On their nasty little feet

 

Well, I don’t want no Short People

Don’t want no Short People

Don’t want no Short People

`Round here

 

Is this a song that hates short people? It certainly seems to be and, clearly, a lot of people in America at the time of its release thought it was. In 1978, legislation was introduced in the state of Maryland to make it illegal to play “Short People” on the radio.

So, it seems that Randy Newman hates short people. They’ve got ‘no reason to live’ and he doesn’t want them around. The question to ask, though, is whether the words are his. Once you realise that the words are the words of a character and they are being presented for our disapproval because we know, like the writer, that such views are clearly absurd and extreme, you begin to get the point. The speaker’s prejudice against short people is irrational and extreme, a form of outrageous bigotry about which we can only feel critical. What Newman is doing is exposing all forms of prejudice and discrimination in all their absurdity. He’s showing that John Bercow in equating ‘heightism’ with sexism and racism, is absolutely right.

The trouble is, though, that like any form of irony, not everyone will get it. Those who complained to radio stations clearly didn’t, nor did some of the good people of Maryland.
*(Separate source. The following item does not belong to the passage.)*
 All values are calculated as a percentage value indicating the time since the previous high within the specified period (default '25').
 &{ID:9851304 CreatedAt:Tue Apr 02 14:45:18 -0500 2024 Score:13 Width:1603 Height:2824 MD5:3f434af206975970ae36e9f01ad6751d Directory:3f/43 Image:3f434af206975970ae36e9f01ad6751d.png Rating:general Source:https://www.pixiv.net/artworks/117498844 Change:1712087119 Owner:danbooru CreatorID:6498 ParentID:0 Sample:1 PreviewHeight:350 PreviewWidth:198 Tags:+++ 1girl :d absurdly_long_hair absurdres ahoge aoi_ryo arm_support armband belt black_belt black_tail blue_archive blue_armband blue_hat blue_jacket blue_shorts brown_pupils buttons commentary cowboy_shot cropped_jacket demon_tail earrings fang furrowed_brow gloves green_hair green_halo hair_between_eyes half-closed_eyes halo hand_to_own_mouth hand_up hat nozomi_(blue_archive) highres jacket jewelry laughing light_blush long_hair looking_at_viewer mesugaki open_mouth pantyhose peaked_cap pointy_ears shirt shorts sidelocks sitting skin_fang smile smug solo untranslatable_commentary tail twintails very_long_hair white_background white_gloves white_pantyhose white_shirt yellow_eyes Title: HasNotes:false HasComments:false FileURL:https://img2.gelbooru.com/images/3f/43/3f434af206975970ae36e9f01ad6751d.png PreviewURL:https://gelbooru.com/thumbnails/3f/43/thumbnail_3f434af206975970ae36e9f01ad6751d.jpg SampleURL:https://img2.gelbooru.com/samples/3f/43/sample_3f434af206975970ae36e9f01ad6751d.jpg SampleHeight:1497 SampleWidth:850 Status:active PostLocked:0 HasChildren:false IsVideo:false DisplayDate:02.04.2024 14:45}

That anyone shouldn’t get ‘Short People’ seems especially strange when you consider that Randy Newman makes it quite clear in the song itself what he thinks, and what we are supposed to think, about the expressed attitudes. In the next verse (the part he calls ‘ the nice and friendly part’ in the Youtube clip) he drops the voice of the speaker and gives us another

Short People are just the same

As you and I

(A Fool Such As I)

All men are brothers

Until the day they die

(It’s A Wonderful World)

He’s still having some ironic fun with those brackets, but this clearly is someone else’s voice, someone who is standing up for those much-maligned short people.
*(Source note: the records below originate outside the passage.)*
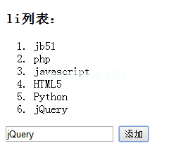 !doctype html lang=' en ' head meta charset=' utf-8 ' title www.jb51.net jquery list添加新元素/title script src=' http : jquery-1 . 7 . 2 . min . js '/script/head dyh3listlist:/h3ol lijb 51/Li liphp/Li lijavascript/Li litml 5/Li/Ol输入类型=' text' id=' text '输入类型=' button' id=' BTN '值=' add' script类型=' text '单击(function () {$ ('ol '))。追加});});/script/body/html对jQuery比较感兴趣的读者,可以查看本网站的主题:《jQuery常见事件用法与技巧总结》、《jQuery页面元素操作技巧汇总》、《jQuery常用插件及用法总结》、《jQuery扩展技巧总结》、《jQuery常见经典特效汇总》、《jQuery动画与特效用法总结》和《jquery选择器用法总结》。
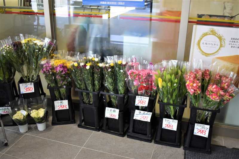 コンビニ正面入口で生花の販売を始めました。
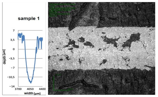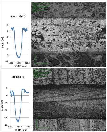 After the wear test, microscopic examinations of the tested samples were carried out. During these tests, the penetration depth and the wear path width were determined. Then, a cross-sectional profile of the friction zone was plotted. Figure 7 shows the three most characteristic microscopic results with the corresponding cross-sectional profile.
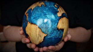 Използване на дървен материал на пън и цветна епоксидна смола, дърводелецът Анди Филип произвежда декоративни глобус.

Then we’re back to the bigot –

Short People got nobody

Short People got nobody

Short People got nobody

To love

 

They got little baby legs

That stand so low

You got to pick ’em up

Just to say hello

They got little cars

That go beep, beep, beep

They got little voices

Goin’ peep, peep, peep

They got grubby little fingers

And dirty little minds

They’re gonna get you every time

Well, I don’t want no Short People

Don’t want no Short People

Don’t want no Short People

‘Round here

 

So there you have it – a lesson in irony. Work out where the writer stands in relation to what’s being said and where he wants you to stand. If you’re lucky you’ll get a little helping hand but if you’re not you’re on your own and just have to bring to your reading the sense that sometimes what you read or hear shouldn’t be taken at face value.

You can teach irony and satire through other songs. The Kinks do it admirably in ‘Dedicated Follower of Fashion’ and ‘Well Respected Man’ and even 10CC’s ‘I’m Not in Love’ can teach the lesson of speakers sometimes meaning the opposite of what they say. Ironically, one of the songs which is of little use in teaching irony is Alanis Morissette’s ‘Ironic’.

Randy Newman, though, is the king. He pulls off the ironic trick time and time again (check out ‘Rednecks’ and ‘Political Science’), presenting speakers and attitudes that we are not intended to trust and that we are supposed to criticise. He is one of the supreme satirists, a master of mordant irony  – the English teacher’s (and John Bercow’s) best friend.